= ACTIVITY =
Return the lines of the material below exactly, beginning with the line that has "The Great Pumpkin" in it and finishing with the line that has "People & sickness" in it. Leave all pictures aside.

□ □ □

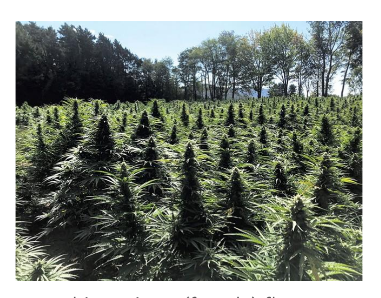
Cannabis Sativa L (female) flowers are grown for cannabinoid and other compounds. Hemp grown for flowering tops is cannabis.
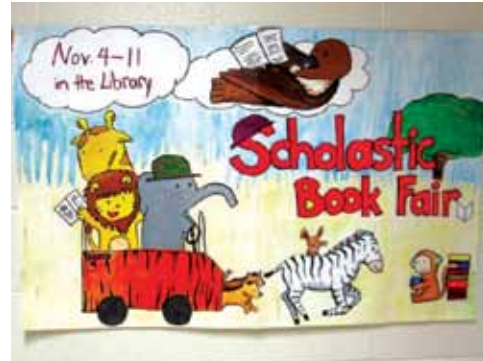
Coledale Public School, ON
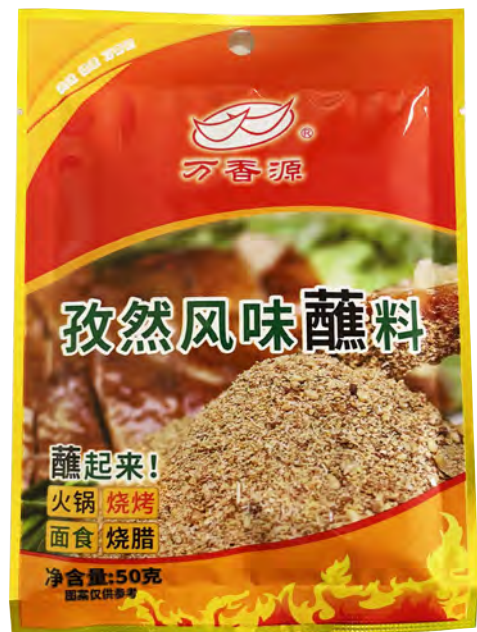
15104 CUMIN FLAVOR DIP POWDER
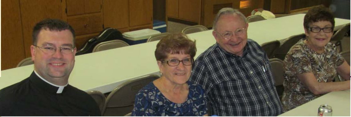
Serra Clubs of Eastern South Dakota Newsletter for its Members Third Quarter 2016
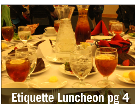
Etiquette Luncheon pg 4

The Great Pumpkin Jack-O-Lantern Competition The Nosh MSC offices and student organizations had the opportunity to sign up for this pumpkin carving competition, hosted by the Office of New Student Programs. Voting will take place in the Nosh on Halloween, so stop by the Nosh to check out the fun.
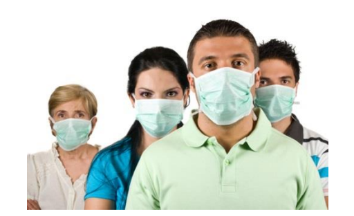
People & sickness
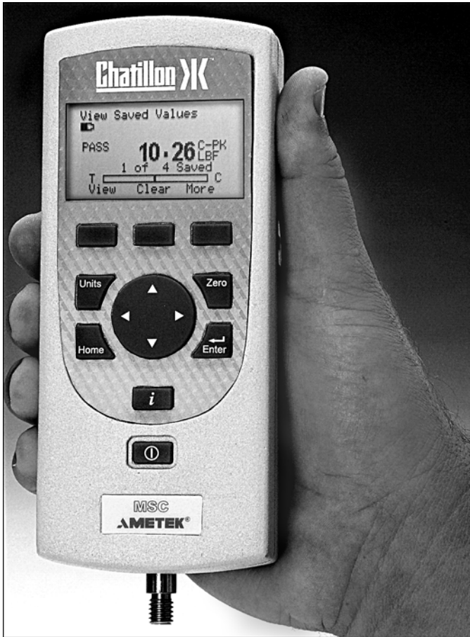
Figure 1. Chatillon® MSC Series dynamometer (AMETEK, Inc, Largo, Florida). Used to test muscle strength and has “U”-shaped attachment (not shown) that provides comfortable contour when significant pressure is applied to limb segment. Figure courtesy of AMETEK, Inc.

has a 1 kg minimum threshold. It disregards the first second of data because force output rapidly increases in the initial period [23]. The sampling rate is adjustable so that the number of samples is optimized depending on the speed of contraction.
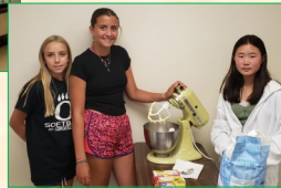
Cookie dough making day Aug 6th
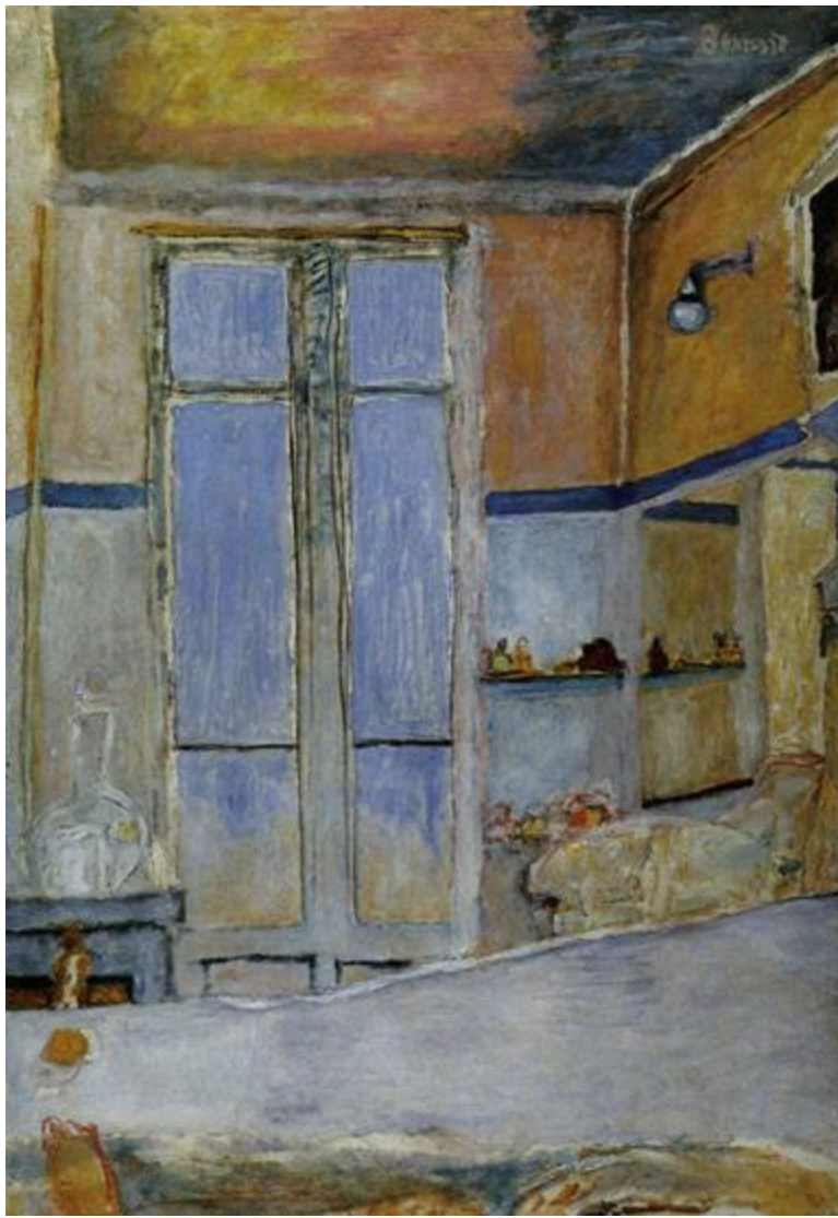
Pierre Bonnard, In the bathroom , 1940

□ □ □

= OUTPUT BELOW =
The Great Pumpkin Jack-O-Lantern Competition The Nosh MSC offices and student organizations had the opportunity to sign up for this pumpkin carving competition, hosted by the Office of New Student Programs. Voting will take place in the Nosh on Halloween, so stop by the Nosh to check out the fun.
People & sickness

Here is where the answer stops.